Mathematics is a language for describing reality, and like any language, one is not limited in what they can express through it. One may be suprised to find that there are no "problems" within mathematics, only questions and statements. When viewed in this manner, equations become like lines of poetry. The more they correspond to something meaningful, the more emotionally evocative they might be perceived.

It is unfortunate that the only emotions evoked by mathematics for many is a sense of displeasure or apathy. This is understandable. When one is forced to study something without being given reasons as to why, or it is presented in a language that one cannot easily follow, how can they ever learn to enjoy it? Let's try a different way of learning for a moment...

We can often rearrange the words in a statement to say the same thing in a slightly different way. For example, we could say:

"The dog and cat eat food in the morning."

or

"In the morning, the dog and cat eat food."

The overall meaning of the statement has not changed, and thanks to grammar, the message is clearly conveyed in either instance.

Now, if an equation is a statement, then the "nouns" and "verbs" of this statement would be the numbers and mathematical operations (like addition, subtraction, multiplication, division, and so on).

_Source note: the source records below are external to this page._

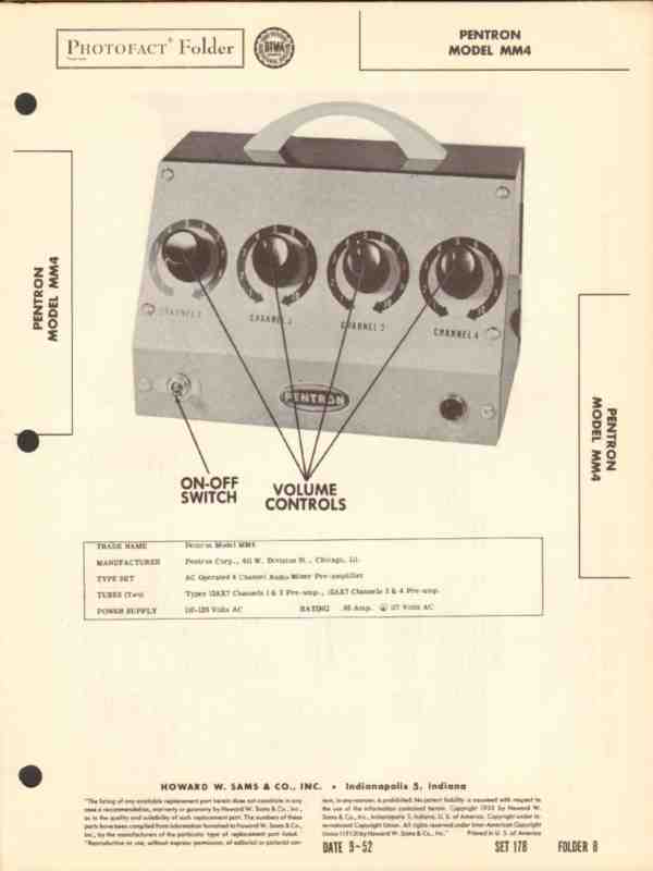 Vintage PENTRON model MM4 4 channel audio mixer pre-amplifier. Original old Sams Photofact manual includes schematic, layout, voltage & resistance test chart, repair parts list. 4 pages. Dated 1952. Pentron Corp., of Chicago, IL. This manual would make a sensational accompaniment to your classic audio equipment.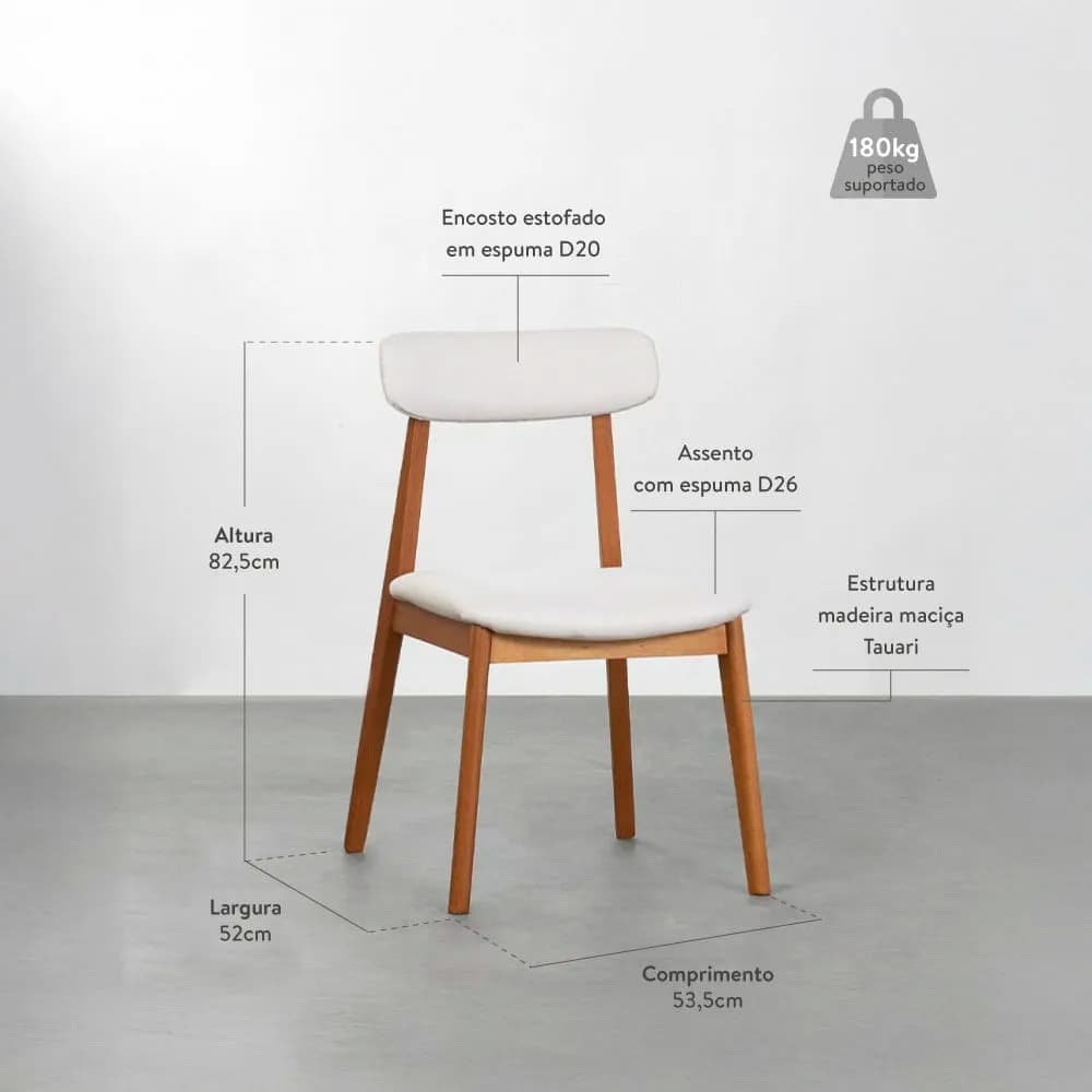 Características principais:- Cadeira fabricada com estrutura em Madeira Maciça Tauari seca e imunizada;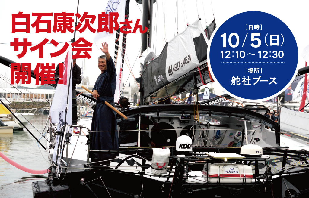 最終日の5日(日)12時10〜30分の間、舵社ブースにてDMG MORIセーリングチームのスキッパーである白石康次郎さんのサイン会を実施します。先着20名の方は、白石さんのA2ポスター(2025年『Kazi』1月号付録)にサインをいただけます。舵社ブースでお買い求めいただいた『Kazi』にサインをいただくことも可能です。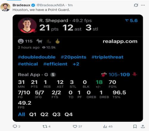 關(guān)鍵拋投+助攻新高!謝潑德23+14+0失誤閃光休媒:覓得控衛(wèi)答案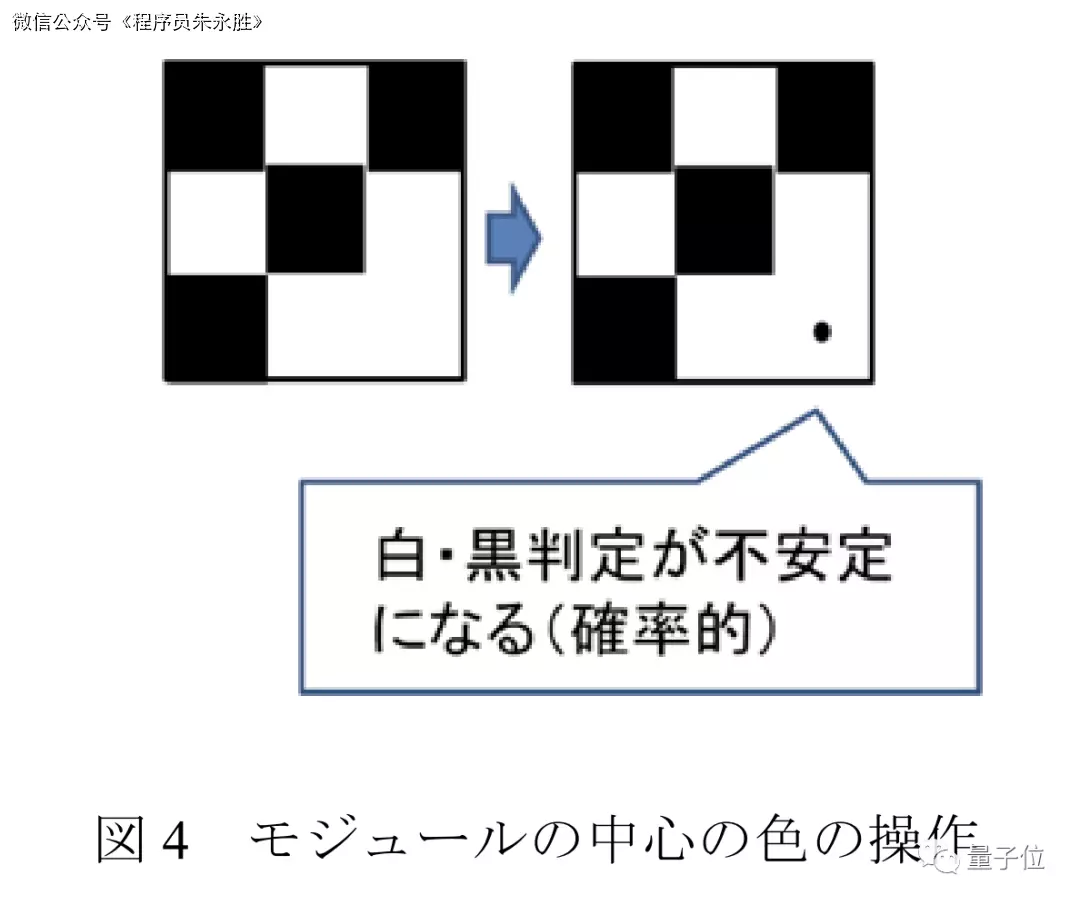 经过照射之后,虽然肉眼看不出区别,但在摄像头的视角下原本是黑色的模块就会被识别为白色。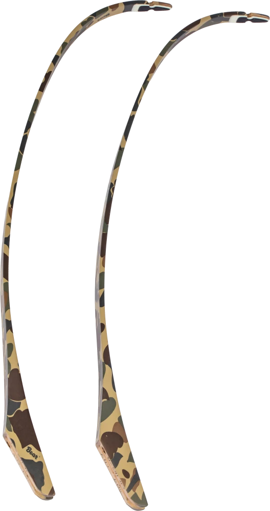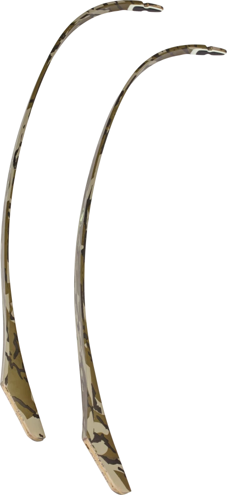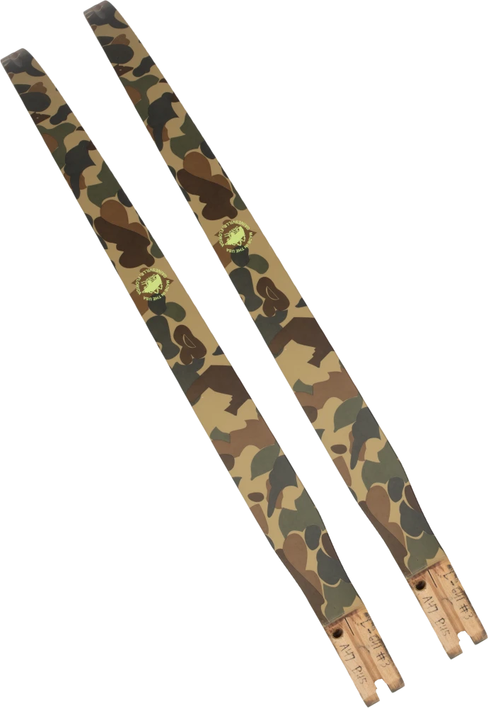 Years ahead of their time, Fred Bear’s Take Down Limbs brought the industry a new technology and superior performance. Today, these Take Down Limbs are now available in Fred Bear Camo and Mossy Oak Bottomland finishes. These Take Down Limbs are available in one length, #3 limbs. The #3 limbs will make a 60 bow on an A-Riser, a 62″ bow on an Eichler Riser, and a 64 bow with a B-Riser.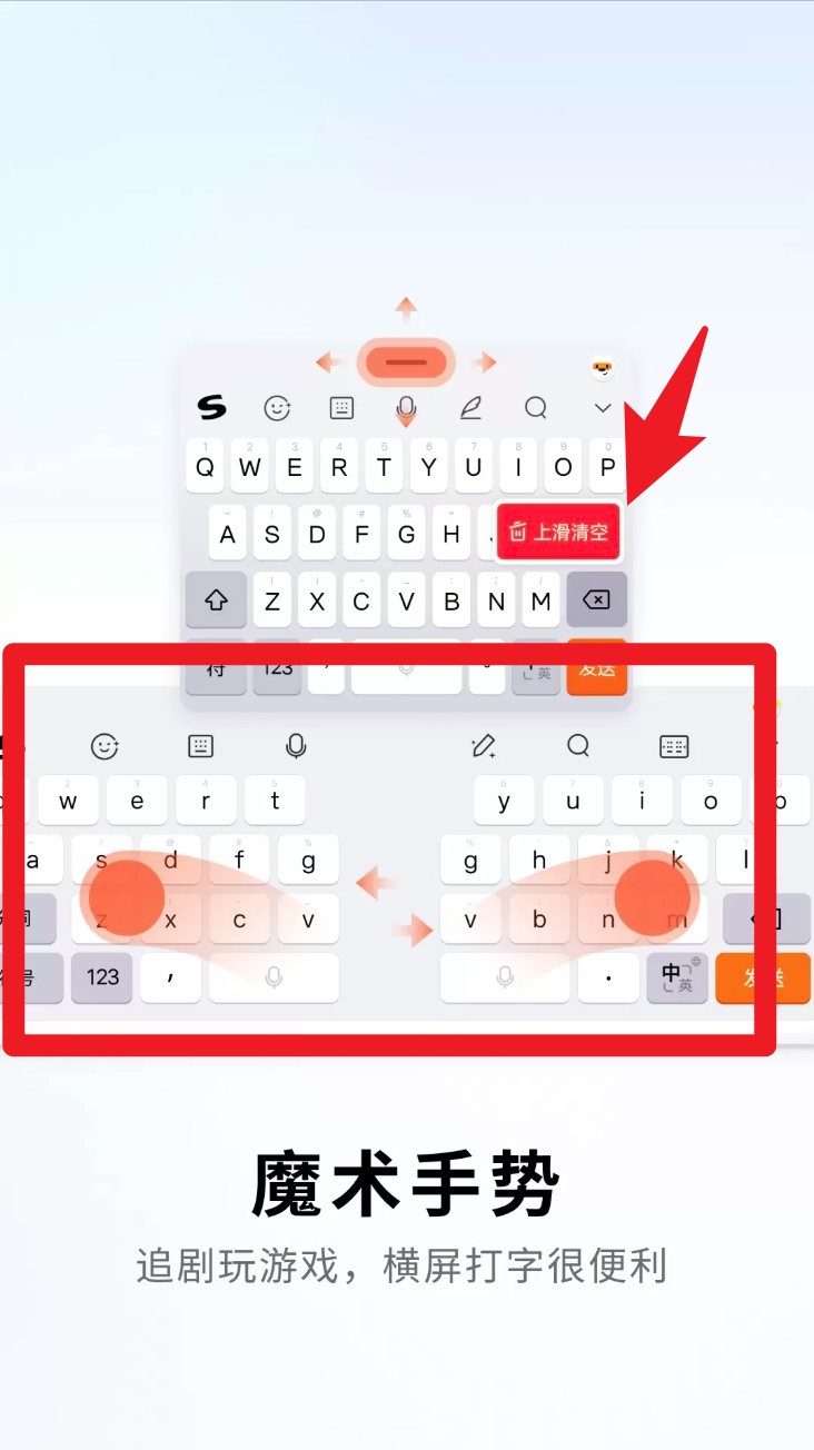 3. 向上滑动或双指外扩手势,可开启横屏键盘模式,追剧或玩手游时打字更加方便高效。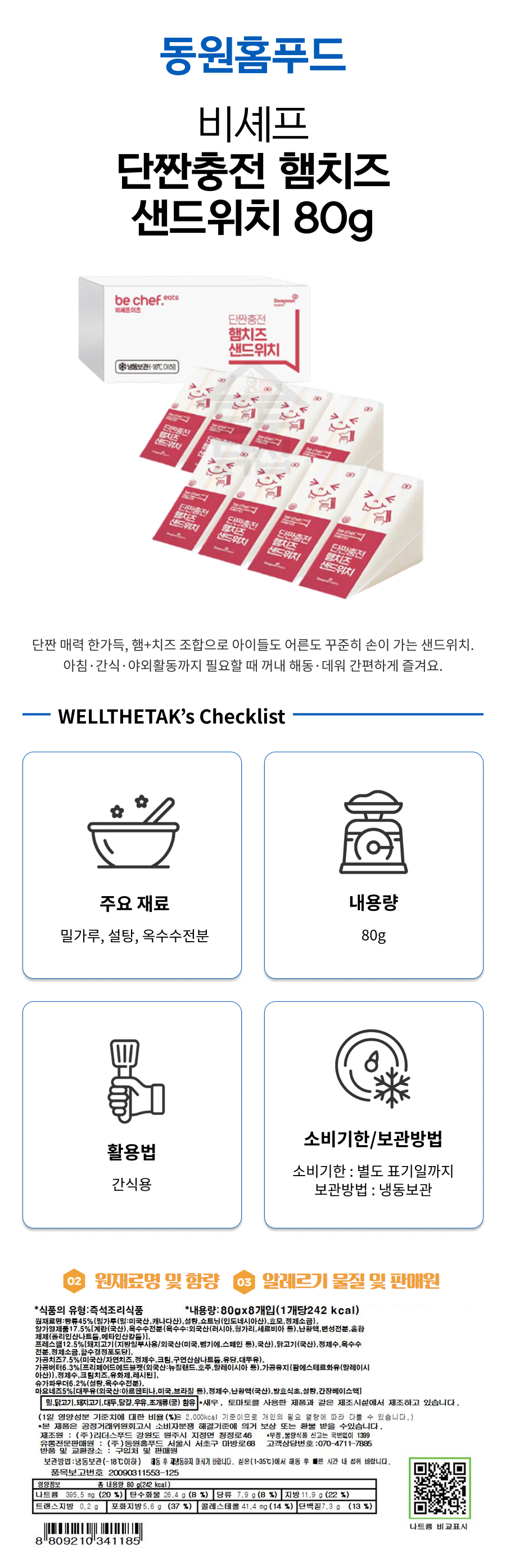 비셰프 단짠충전 햄치즈 샌드위치 (80g*8개)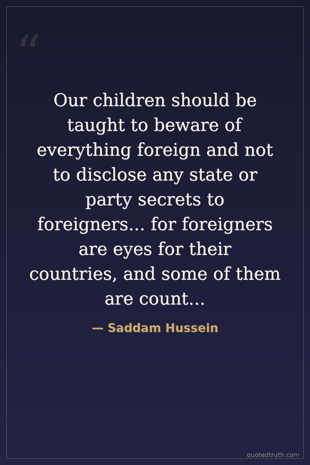 Our children should be taught to beware of everything foreign and not to disclose any state or party secrets to foreigners... for foreigners are eyes for their countries, and some of them are counterrevolutionary instruments [in the hands of imperialism].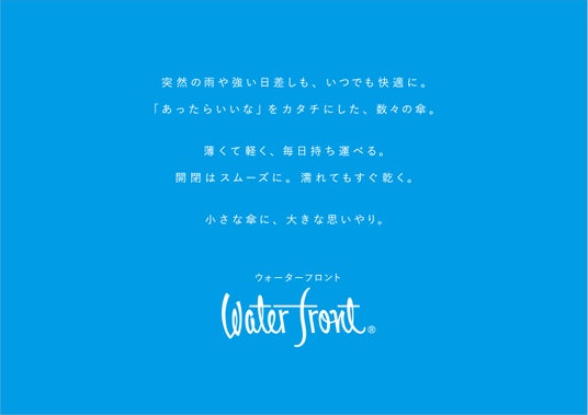 1986年創業の傘ブランドWaterfrontは、累計販売本数2億本超え老若男女、さまざまなライフスタイルの中でご愛用いただいています。現在まで常に独自の高い機能を追求し、また手頃な価格でお客様の多様なニーズに応えてきました。中でも持ち運びのしやすさに特化した薄型傘「ポケフラット」は累計販売本数2,400万本を超える代表商品です。2025年は株式会社ウォーターフロントに社名変更したことも あり、傘ブランドWaterfrontの新たな魅力を発信していきます。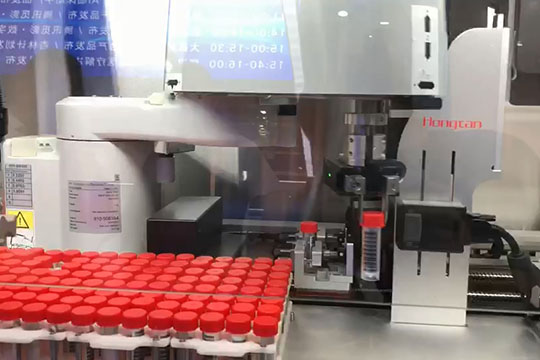 夾爪抓取病毒管,旋轉(zhuǎn)掃碼讀取采樣信息后,開(kāi)蓋,提取樣品到孔板內(nèi),關(guān)蓋,放回試管架。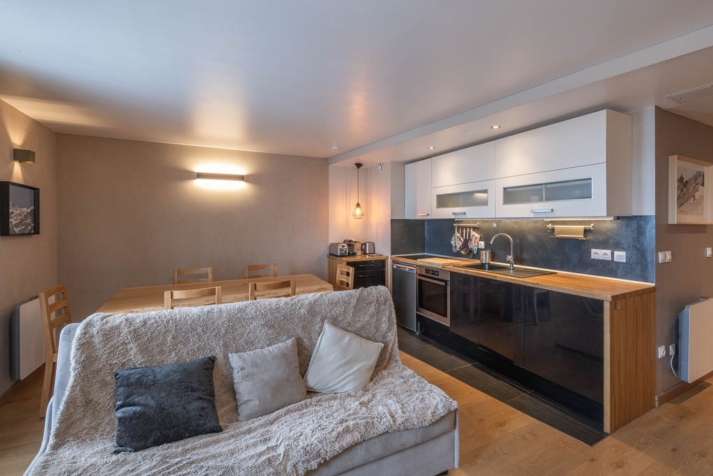 The bright studio is located in a typical and quiet area of the village of Champagny. Shops, bars, restaurants, as well as the departures of the ski lifts for Champagny / La Plagne / Paradiski, 10 min walk, and the possibility of a free shuttle. Swimming pool, relaxation/wellness area, play area 5min walk away. Nordic area and Champagny le Haut toboggan run accessible by free shuttle. Facing south, and southwest, with views of the mountains, you have access to parking.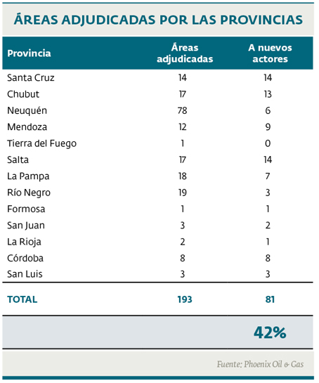Del total de áreas exploratorias adjudicadas, 81 de ellas (el 42%) les fueron otorgadas a nuevos actores de la industria. Y de los compromisos de inversión, un 44% (u$s 882,5 millones) fue ofrecido por estas nuevas firmas. “Si bien este escenario es auspicioso y muestra un fuerte incremento de la actividad exploratoria, demasiadas áreas fueron otorgadas a empresas sin experiencia o con dificultades para acceder al financiamiento de inversiones de riesgo elevadas (según sus propias ofertas)”, señala.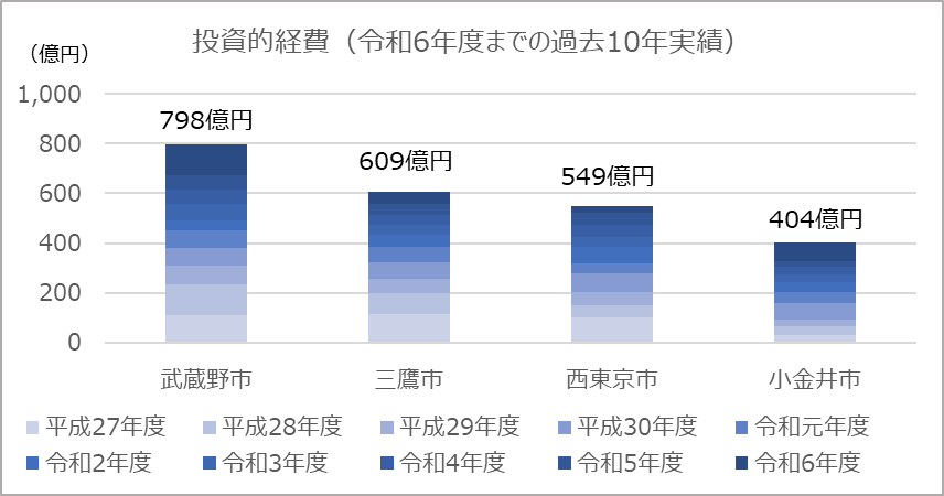 なお、令和6年度までの10年間の投資的経費の状況は下記の表のとおりですが、武蔵野市は798億円(1年あたり平均約80億円)で三鷹市の609億円(1年あたり平均約61億円)よりも大きな水準となっています。市民一人当たりの投資的経費(過去10年間実績)でみると、武蔵野市は53.9万円で三鷹市は31.8万円(1年あたり3.18万円)になります。武蔵野市は、三鷹市の約1.7倍もの水準の税源を公共施設の再整備に投入してきたことになります。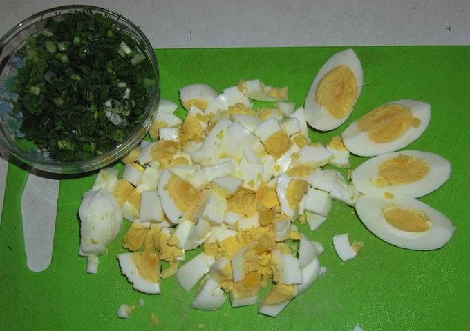 - Maak de afgekoelde eieren schoon en snijd ze in plakjes. Hak ook de greens zo klein mogelijk.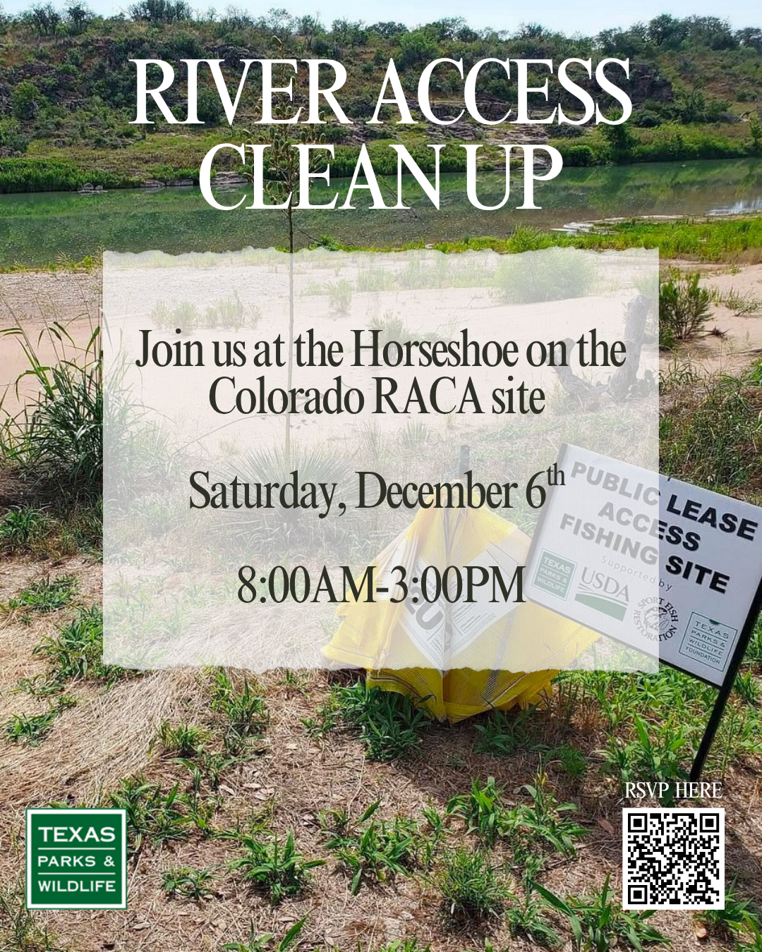 I am eager to share information about the River Access and Conservation Area clean up on Saturday December 6th from 8:00AM-3:00PM. We are conducting this clean up at our Horseshoe on the Colorado RACA Site located on the Colorado River in Bastrop, Texas. I’m hoping you and your loved ones can join my family and I that day!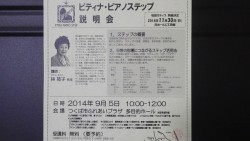 ピアノステップ説明会を代表を務めるTSUKUBAふれあいステーション主催で開催しました。ピティナ本部の岩山さんがピティナが現在行っている事業に関して説明くださり、次に林苑子先生によるステップの詳しい説明が続きました。林先生は説明のみならず、課題曲の演奏法指導法、選曲方法活用方法のセミナーも行ってくださり、たいへんためになりました。とても意義のある説明会となりました。後半の指導法演奏法の講座は専門的な内容でしたが、ステップに参加されたり参加検討中のお子様のお父様やお母様には特に聞いていただきたいなあと思う内容でした。

We can also rearrange equations without changing their general meaning. For example:

2 + 3 = 5

3 + 2 = 5

5 - 3 = 2

5 - 2 = 3

This is essentially what "Algebra" is! It is a set of grammar-like rules that helps us to rearrange equations while keeping their meaning consistent. Again, not a problem in sight. But why would we want to do this?

Putting a familar statement into different words can sometimes help us to find new meanings or to communicate something more subtle. Are we emphasizing the fact that it is the dog and cat that are doing the eating, or the fact that they both eat in the morning?